▶ _TASK ITEM_
Going through the material below, output exactly the lines from the one containing "Phú siêu đẹp." through the one containing "Auvers-sur-Oise သို႔ ေမာ္ေတာ္ကားလမ္း", and no pictures.

------ RECORDS SHOWN

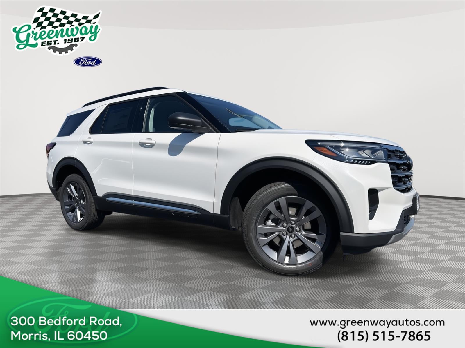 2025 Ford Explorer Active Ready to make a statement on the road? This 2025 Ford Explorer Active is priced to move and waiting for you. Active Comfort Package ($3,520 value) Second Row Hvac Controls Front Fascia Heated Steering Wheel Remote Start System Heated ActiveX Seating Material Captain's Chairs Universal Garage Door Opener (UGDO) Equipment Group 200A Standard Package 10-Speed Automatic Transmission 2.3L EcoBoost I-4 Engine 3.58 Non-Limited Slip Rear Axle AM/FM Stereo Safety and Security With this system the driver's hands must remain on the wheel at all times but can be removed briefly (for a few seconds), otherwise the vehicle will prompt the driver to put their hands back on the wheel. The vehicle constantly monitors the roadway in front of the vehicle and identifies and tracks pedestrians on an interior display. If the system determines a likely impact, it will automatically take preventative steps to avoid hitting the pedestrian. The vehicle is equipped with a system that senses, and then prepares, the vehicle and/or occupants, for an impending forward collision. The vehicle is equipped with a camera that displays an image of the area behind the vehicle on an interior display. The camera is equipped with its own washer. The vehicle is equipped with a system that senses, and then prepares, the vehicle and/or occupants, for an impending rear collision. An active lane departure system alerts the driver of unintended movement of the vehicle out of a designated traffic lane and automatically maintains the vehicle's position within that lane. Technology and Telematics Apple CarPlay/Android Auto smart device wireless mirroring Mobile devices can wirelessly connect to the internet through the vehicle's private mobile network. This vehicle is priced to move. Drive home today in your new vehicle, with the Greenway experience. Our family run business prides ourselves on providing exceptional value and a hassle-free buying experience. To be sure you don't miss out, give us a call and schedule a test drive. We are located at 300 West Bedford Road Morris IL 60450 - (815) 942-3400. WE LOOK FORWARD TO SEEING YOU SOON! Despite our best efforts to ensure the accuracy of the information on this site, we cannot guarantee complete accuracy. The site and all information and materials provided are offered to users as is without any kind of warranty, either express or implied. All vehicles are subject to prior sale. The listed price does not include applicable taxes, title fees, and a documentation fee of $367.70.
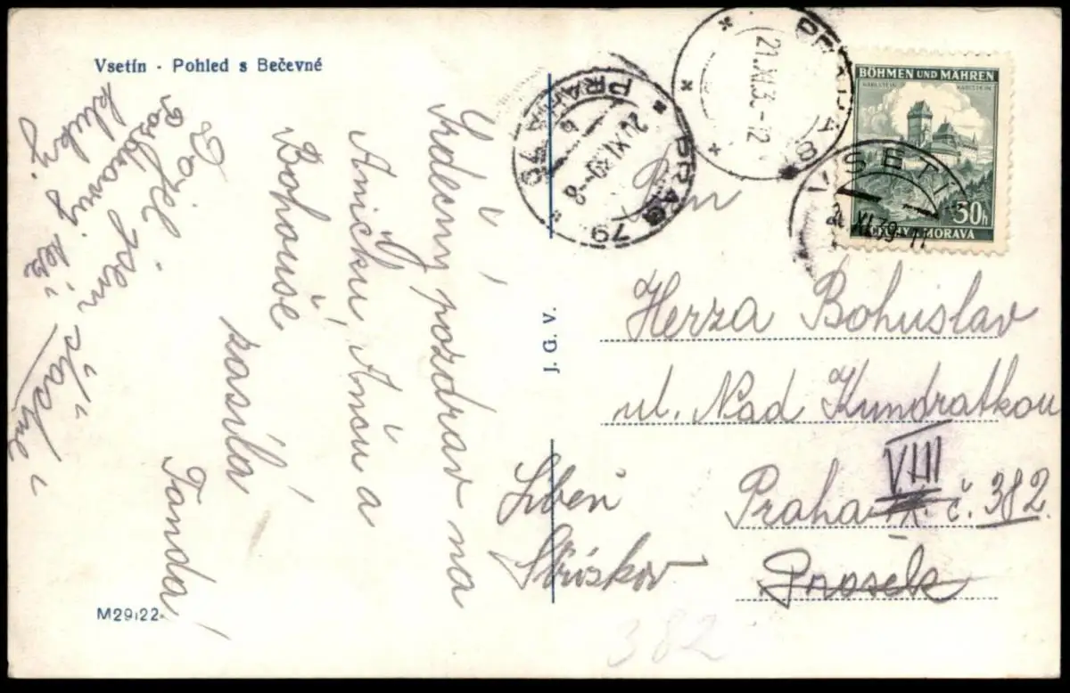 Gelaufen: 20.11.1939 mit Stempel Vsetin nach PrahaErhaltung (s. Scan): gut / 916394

------------
------ RECORDS SHOWN

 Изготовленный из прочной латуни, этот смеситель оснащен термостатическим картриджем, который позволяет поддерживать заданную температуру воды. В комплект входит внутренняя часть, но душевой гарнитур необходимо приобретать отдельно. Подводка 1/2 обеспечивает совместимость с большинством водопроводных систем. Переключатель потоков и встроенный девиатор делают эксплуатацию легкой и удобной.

------------
------ RECORDS SHOWN

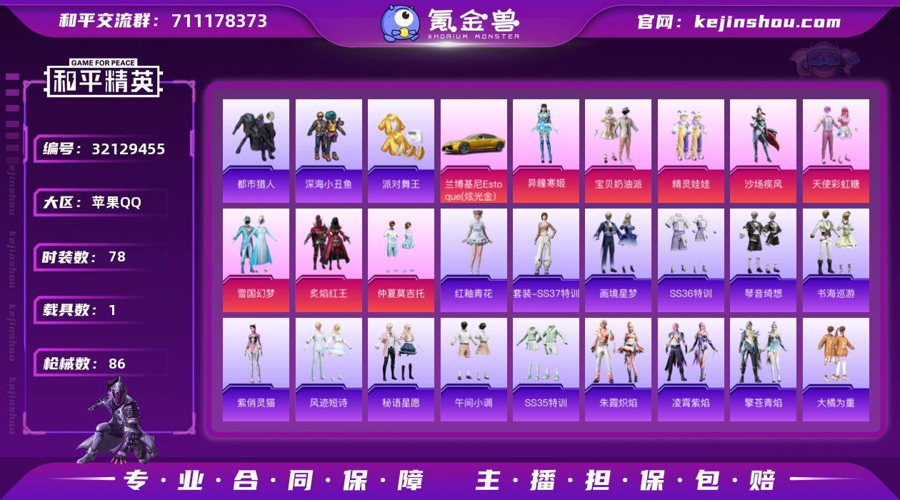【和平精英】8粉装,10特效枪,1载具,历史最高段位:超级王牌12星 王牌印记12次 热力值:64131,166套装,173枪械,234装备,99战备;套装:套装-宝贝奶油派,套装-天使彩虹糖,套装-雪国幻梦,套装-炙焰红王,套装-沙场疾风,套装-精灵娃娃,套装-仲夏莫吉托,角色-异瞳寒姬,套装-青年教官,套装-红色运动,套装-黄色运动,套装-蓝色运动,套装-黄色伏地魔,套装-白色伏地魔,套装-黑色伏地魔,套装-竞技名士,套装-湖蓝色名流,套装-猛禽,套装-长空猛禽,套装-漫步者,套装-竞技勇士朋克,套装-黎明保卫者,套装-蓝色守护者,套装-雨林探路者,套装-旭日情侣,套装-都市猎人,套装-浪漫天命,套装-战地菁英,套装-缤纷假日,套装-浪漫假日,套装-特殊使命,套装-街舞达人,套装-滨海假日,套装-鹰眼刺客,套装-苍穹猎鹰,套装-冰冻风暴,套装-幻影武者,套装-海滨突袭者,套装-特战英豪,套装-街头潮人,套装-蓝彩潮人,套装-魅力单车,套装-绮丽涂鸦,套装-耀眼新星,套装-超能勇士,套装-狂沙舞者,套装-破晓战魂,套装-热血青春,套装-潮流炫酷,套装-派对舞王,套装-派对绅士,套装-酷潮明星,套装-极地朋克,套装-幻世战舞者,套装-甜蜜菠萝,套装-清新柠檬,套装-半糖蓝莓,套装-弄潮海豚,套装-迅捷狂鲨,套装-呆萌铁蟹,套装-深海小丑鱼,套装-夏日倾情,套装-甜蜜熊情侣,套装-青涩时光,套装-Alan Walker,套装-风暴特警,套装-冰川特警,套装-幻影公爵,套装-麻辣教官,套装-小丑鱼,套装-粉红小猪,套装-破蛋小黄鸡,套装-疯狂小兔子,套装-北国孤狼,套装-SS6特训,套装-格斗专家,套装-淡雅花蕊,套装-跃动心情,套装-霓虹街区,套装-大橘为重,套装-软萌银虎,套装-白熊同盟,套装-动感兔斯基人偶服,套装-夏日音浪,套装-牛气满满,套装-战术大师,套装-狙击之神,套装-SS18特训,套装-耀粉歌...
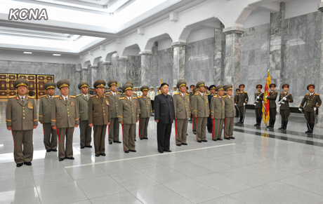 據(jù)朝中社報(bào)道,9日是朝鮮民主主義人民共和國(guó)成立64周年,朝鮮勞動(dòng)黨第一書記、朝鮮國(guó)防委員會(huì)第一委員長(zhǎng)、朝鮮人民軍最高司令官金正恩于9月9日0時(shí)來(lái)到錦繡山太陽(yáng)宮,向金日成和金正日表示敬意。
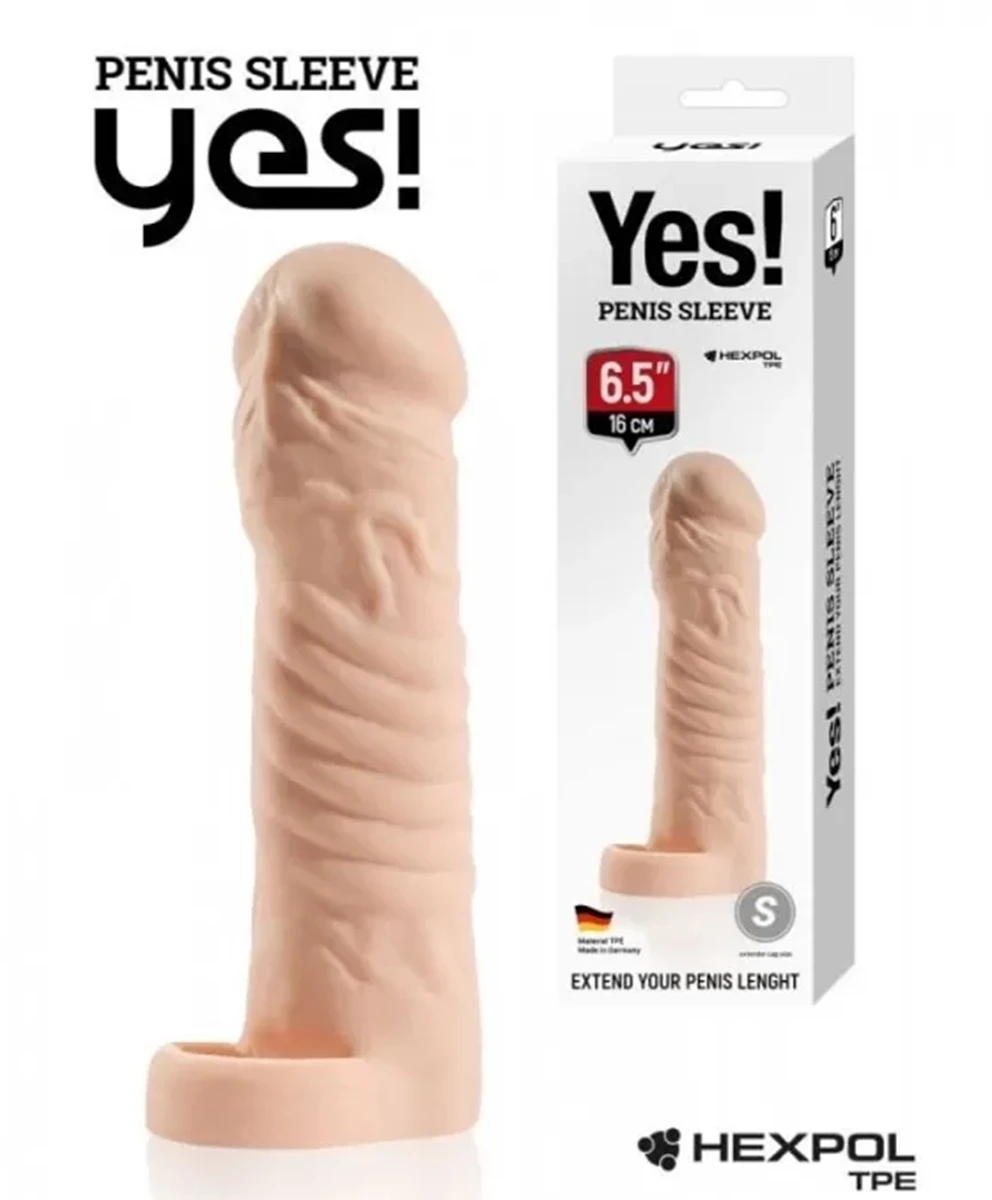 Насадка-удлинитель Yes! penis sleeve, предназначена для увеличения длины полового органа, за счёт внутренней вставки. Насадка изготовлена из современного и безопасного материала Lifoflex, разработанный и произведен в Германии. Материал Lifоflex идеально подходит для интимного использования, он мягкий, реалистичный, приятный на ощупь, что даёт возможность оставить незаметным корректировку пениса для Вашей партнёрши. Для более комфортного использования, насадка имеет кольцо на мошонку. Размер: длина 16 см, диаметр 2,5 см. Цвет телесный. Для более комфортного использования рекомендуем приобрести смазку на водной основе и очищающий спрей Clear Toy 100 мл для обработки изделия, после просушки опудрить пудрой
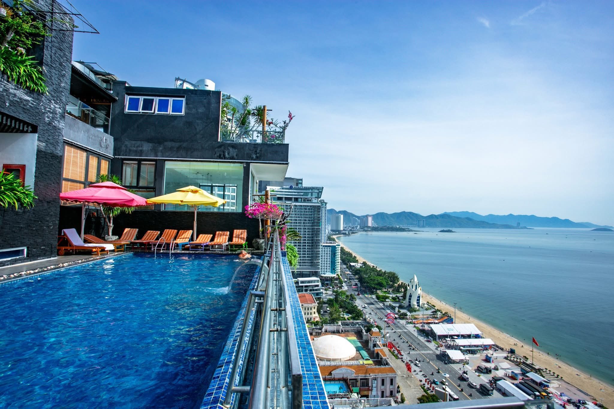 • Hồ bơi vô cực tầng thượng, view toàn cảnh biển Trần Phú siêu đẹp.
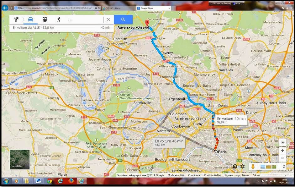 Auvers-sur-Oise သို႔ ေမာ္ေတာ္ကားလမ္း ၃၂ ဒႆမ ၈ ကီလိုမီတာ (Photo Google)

------------

▶ _YOUR RESPONSE_
 • Hồ bơi vô cực tầng thượng, view toàn cảnh biển Trần Phú siêu đẹp.
 Auvers-sur-Oise သို႔ ေမာ္ေတာ္ကားလမ္း ၃၂ ဒႆမ ၈ ကီလိုမီတာ (Photo Google)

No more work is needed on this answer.